Task prompt: Reproduce precisely the lines of the material below from the line containing "Descripción de las" up to and including its last line. Pictures must not be copied.

Source material:
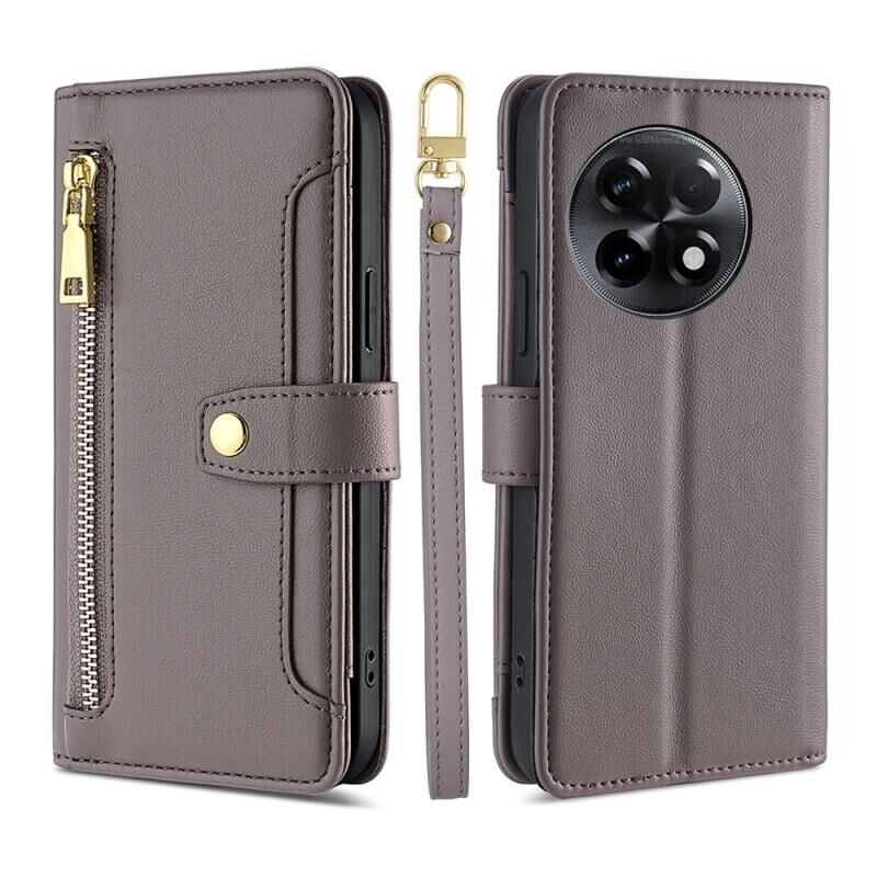 Θήκη τηλεφώνου από δέρμα με υφή προβάτου, διαγώνια, με φερμουάρ και θήκη πορτοφολιού για OnePlus Ace 2/11R (Μαύρο)
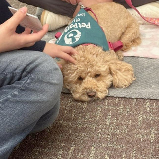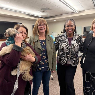 We are in our 13th year visiting with students at UNLV in Lied Library and it gets more exciting each time. This visit was right before the third anniversary of the active shooter situation so many students came to see us because they were there as we were during the lockdown. But we had even more freshman and sophomores who are new to our teams and that was great fun for them. We had seven therapy dogs in the room and the students went from one to another, meeting them and collecting their trading cards. The university had some very special guests that day and they came in to meet us … and of course Charlie wanted to have a photo taken with them! More photos are coming in today so we will share those with you but for now here’s a quick look at the event.
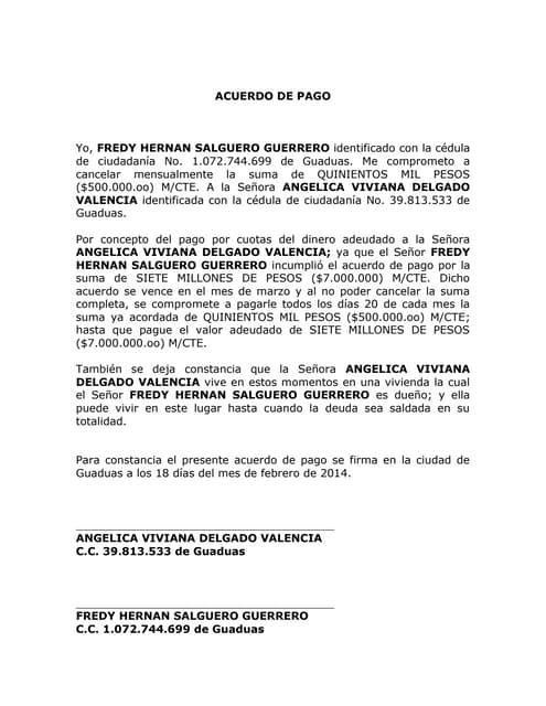 Descripción de las partes: Es importante identificar claramente a las partes que participan en el acuerdo de pago, incluyendo nombres completos, números de documento y domicilios.
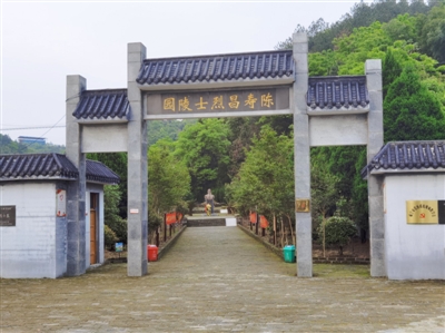 陳壽昌烈士陵園,位于崇陽縣金塘鎮(zhèn)畈上村4組朝育屋后山咀金港河畔,其墓高1.5米、底徑3米,墓前立“陳壽昌烈士之墓”碑。
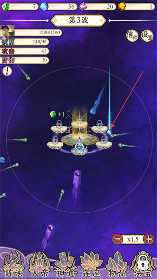 4、在第3波的战斗过程中将倍率调整至×1.5后战斗节奏会加快,点击界面中击败邪魔掉落的蓝色本源进行获取。
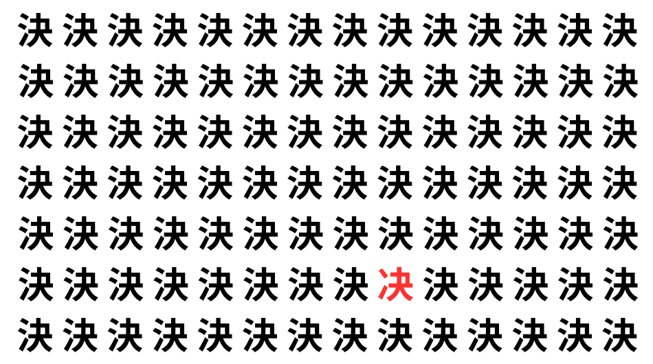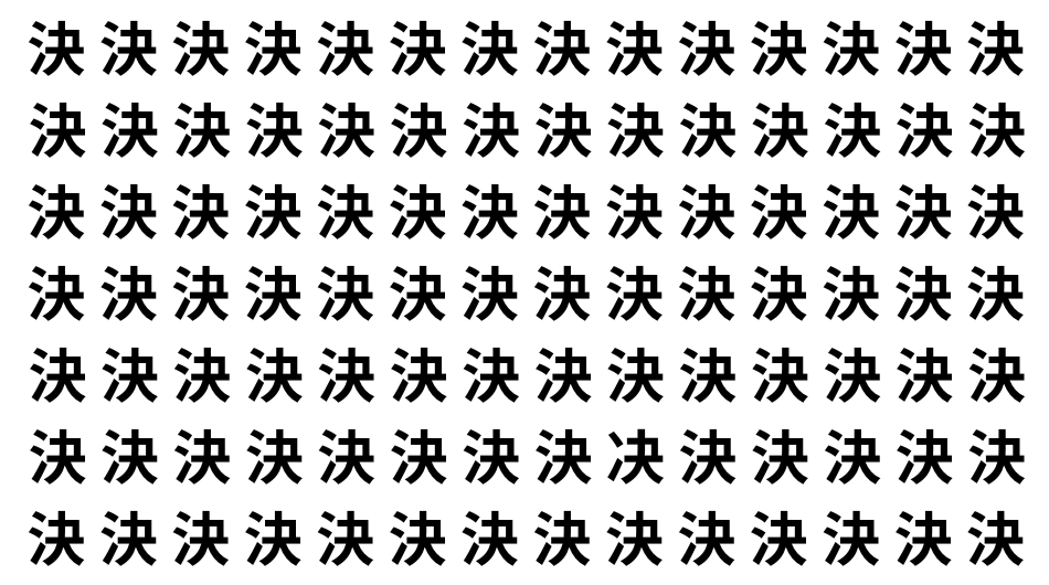 たくさんの「決」の中に、よく似た別の漢字が1文字だけ隠れています。

Exercise solution:
 Descripción de las partes: Es importante identificar claramente a las partes que participan en el acuerdo de pago, incluyendo nombres completos, números de documento y domicilios.
 陳壽昌烈士陵園,位于崇陽縣金塘鎮(zhèn)畈上村4組朝育屋后山咀金港河畔,其墓高1.5米、底徑3米,墓前立“陳壽昌烈士之墓”碑。
 4、在第3波的战斗过程中将倍率调整至×1.5后战斗节奏会加快,点击界面中击败邪魔掉落的蓝色本源进行获取。
 たくさんの「決」の中に、よく似た別の漢字が1文字だけ隠れています。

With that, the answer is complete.